Technique for novelty detection of status & sensor data
A Belgian university research group frequently collaborating with ESA/NASA with a large body of knowledge in data processing algorithms, classification algorithms has developed advanced data mining techniques for automatic spacecraft status characterisation.
The development of novelty detection tools is a result of extensive research in data mining techniques that are useful for the health monitoring of spacecraft.
The underlying principle is the identification of anomalies that are defined as telemetry behaviour that is so different from its historical behaviour that it raises suspicion that it is caused by a different mechanism.
The developed algorithms can be used in environments where a large number of housekeeping parameters are monitored and while providing a wealth of diagnostic information, these vast numbers exceed the possibilities of the human brain to oversee all telemetry measures. Automatic checks and computer-aided data analysis are needed to help operators and operation engineers keep the overview.
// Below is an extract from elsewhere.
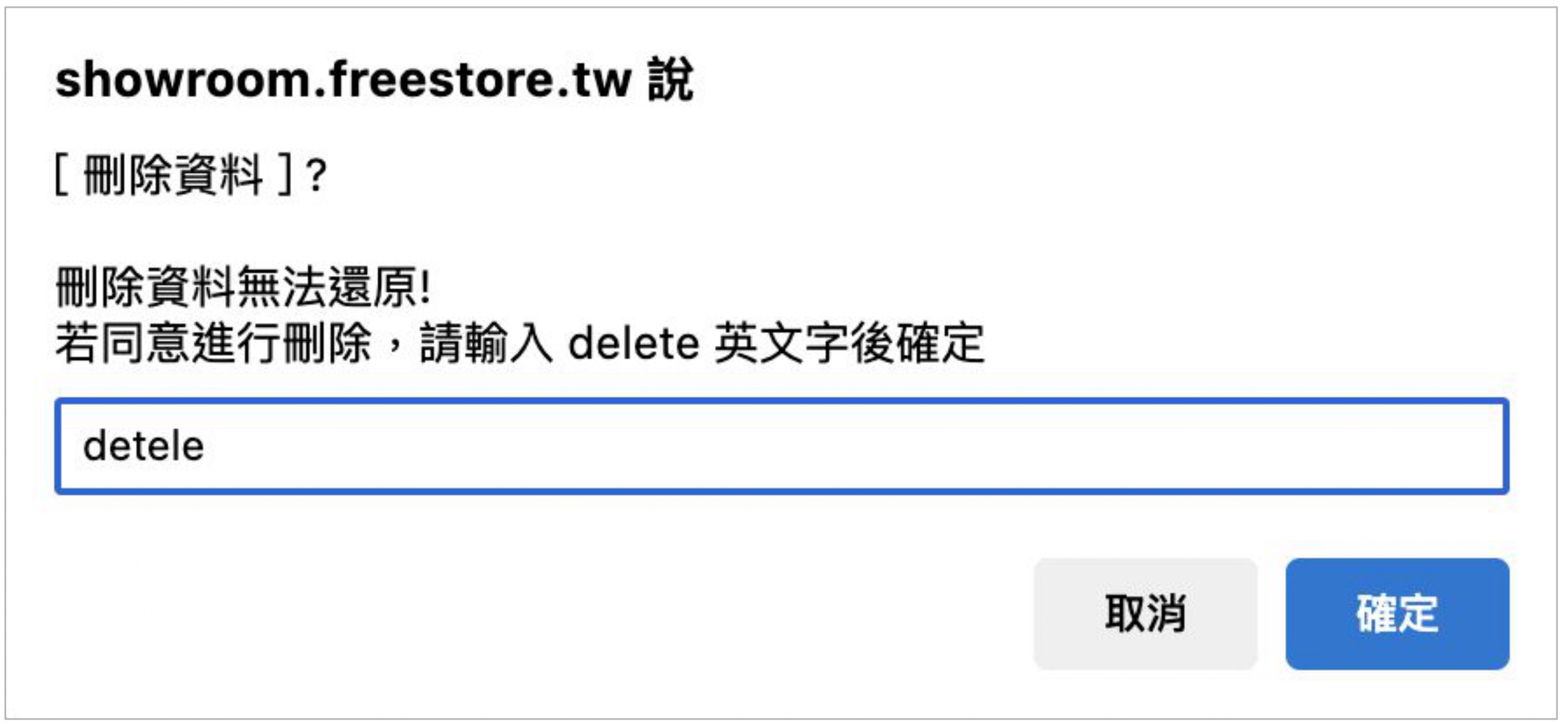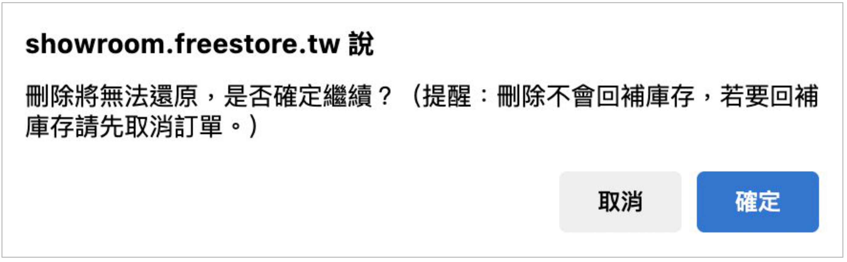 刪除確認,提醒狀態無法還原外也不影響已扣除的庫存

The tools were developed for novelty detection in large sets of telemetry parameters and derived parameters to be used in environments where automatic checks and computer-aided data analysis are needed to help operators and operation engineers keep an overview.
These sets of data mining techniques have the possibility to assist in
- Detecting anomalies/sudden change in behaviour
- Detecting trends or change in trends
- Finding correlations based on Command and Effect Analysis
Innovations & Advantages
The main advantage of the complete set of techniques is the ability to quickly adapt towards/ implement to a different environment or industry. The set of techniques gives meaningful results at relatively low computational cost and little effort in learning and tuning the algorithms in comparison with competing techniques such as neural networks.
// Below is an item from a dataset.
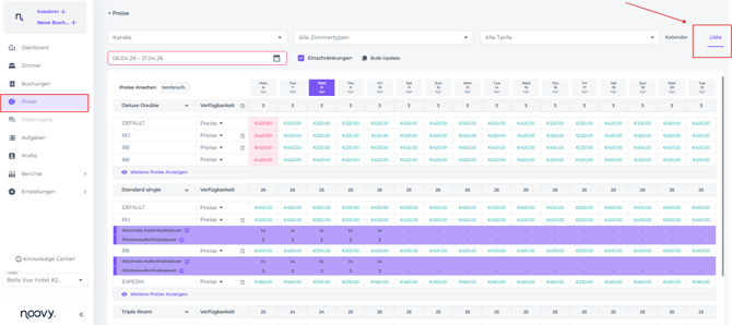 Preise für ein bestimmtes Datum anzupassen, ist in Noovy kinderleicht; nutze einfach die Kalenderansicht oder die Listenansicht, um das Ganze zu erledigen.

The technology consists of 3 tracks of techniques which enables a broad range of applications possibilities:
1. Kernel Density Estimate (KDE) techniques strengths:
- Gives an Accurate and robust description of the data distribution
- Best used for Outlier detection / novelty in single data values
- Detecting change in data distribution / epochs in data distribution
- Dynamic definition of soft limits
2. Poincaré based technique strengths:
- Complementary potential for novelty detection
- Particularly suited for enumerated / status data
- But also for continuous data
- Detection of new state transitions
3. Command effect analysis provides:
- Powerful tool to assist in the monitoring of correct command execution with computationally efficient algorithms
- Unsupervised characterisation of ‘command footprint’
Will be provided by the tech provider upon request.
Current and Potential Domains of Application
Potential applications are to be sought in the health monitoring of complex systems, e.g. automated cockpits (aviation), industrial machinery, Windmills.